* [Task] Set down each record below exactly as it stands. Pictures are not part of the copy.

* [Data to process]
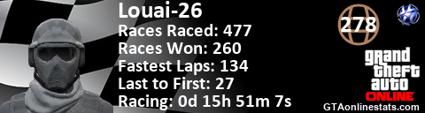 [URL=http://GTAonlinestats.com/showplayer/Louai-26][IMG]http://GTAonlinestats.com/racesignature/Louai-26/sig.png[/IMG][/URL]
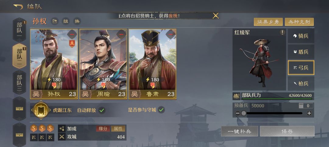 #九牧之野 #吴国恢复弓 阵容由主将孙权+ 周瑜+ 鲁肃组成 技能携带: 孙权携带一个加怒气的技能,以便战场上更快的释放技能,+一个造成伤害可以恢复我方兵力的,以便持续输出 周瑜携带一个灼烧技能+伤害技能,兼顾持续伤害的同时又有爆发伤害 鲁肃携带一个兵种技能+一个回复技能或者加成智力技能
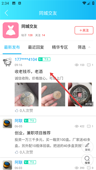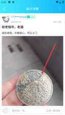 3、在同城交友板块里,找到目标帖子(例如“收老钱币,老酒”这类),点击进入帖子的详情页面。
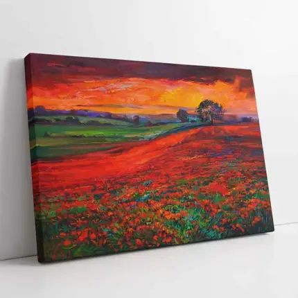 Kırmızı Çiçekler Ve Tek Ağaç | Kanvas Tablo | Cam Tablo | Mdf Tablo | A20243
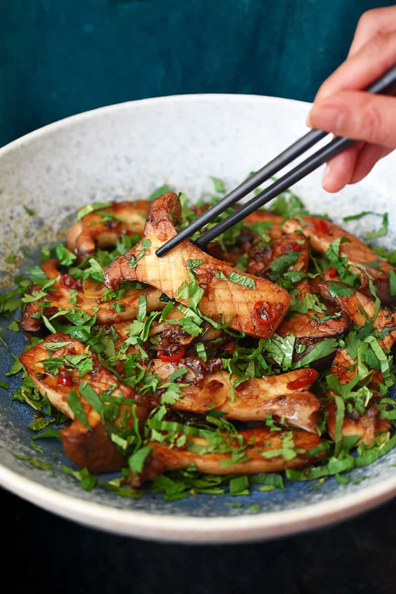 King Oyster Mushrooms with Thai Chili Peppers and Lime
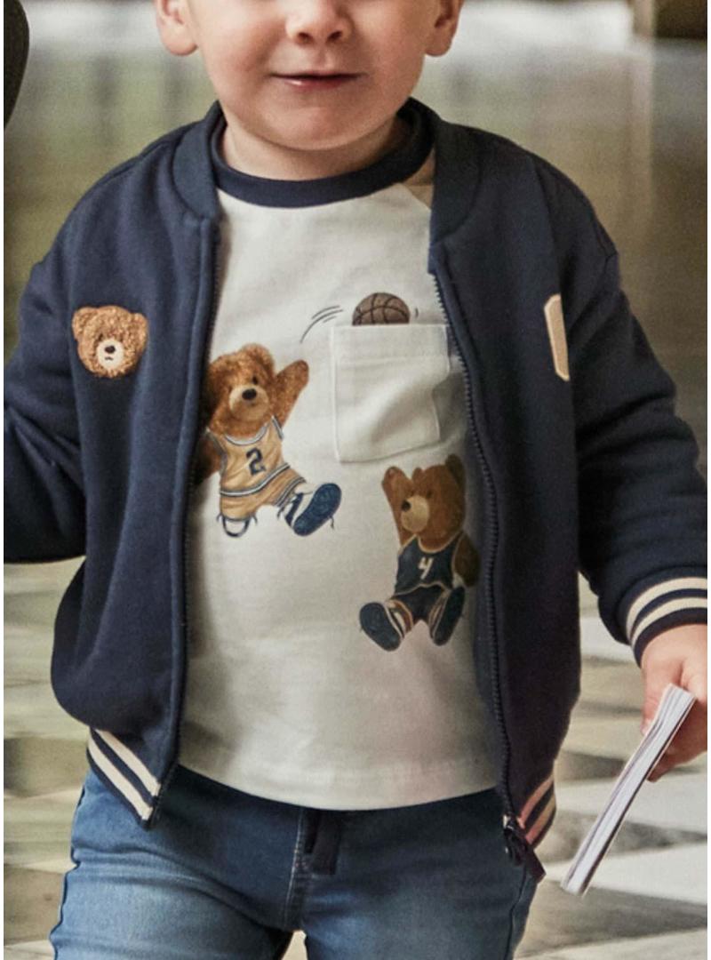 Camiseta Mayoral. Manga comprida. Combinada. Gola redonda. Bolso decorativo no peito. Estampa de ursos na parte da frente. Gola em contraste. Detalhe de listras nas mangas.
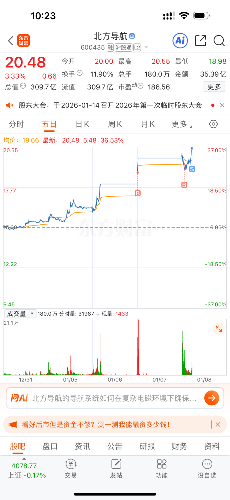 $北方导航(SH600435)$ 下班,少T2个点,没那么完美
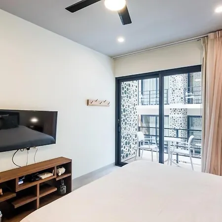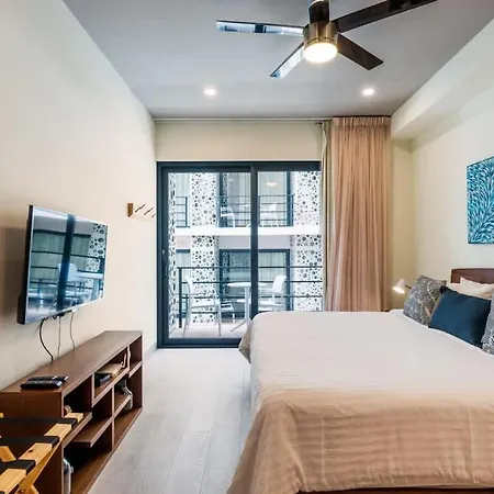 Denne ferielejlighed ligger i Centro område og er også tæt på Xavage Park by Xcaret. Sushi bar Samurai Japanese Restaurant kan man nå på 25 minutters gåtur. Du kan komme til Punta Esmeralda Strand om et par minutter i bil.

* [Task solution]
 [URL=http://GTAonlinestats.com/showplayer/Louai-26][IMG]http://GTAonlinestats.com/racesignature/Louai-26/sig.png[/IMG][/URL]
 #九牧之野 #吴国恢复弓 阵容由主将孙权+ 周瑜+ 鲁肃组成 技能携带: 孙权携带一个加怒气的技能,以便战场上更快的释放技能,+一个造成伤害可以恢复我方兵力的,以便持续输出 周瑜携带一个灼烧技能+伤害技能,兼顾持续伤害的同时又有爆发伤害 鲁肃携带一个兵种技能+一个回复技能或者加成智力技能
 3、在同城交友板块里,找到目标帖子(例如“收老钱币,老酒”这类),点击进入帖子的详情页面。
 Kırmızı Çiçekler Ve Tek Ağaç | Kanvas Tablo | Cam Tablo | Mdf Tablo | A20243
 King Oyster Mushrooms with Thai Chili Peppers and Lime
 Camiseta Mayoral. Manga comprida. Combinada. Gola redonda. Bolso decorativo no peito. Estampa de ursos na parte da frente. Gola em contraste. Detalhe de listras nas mangas.
 $北方导航(SH600435)$ 下班,少T2个点,没那么完美
 Denne ferielejlighed ligger i Centro område og er også tæt på Xavage Park by Xcaret. Sushi bar Samurai Japanese Restaurant kan man nå på 25 minutters gåtur. Du kan komme til Punta Esmeralda Strand om et par minutter i bil.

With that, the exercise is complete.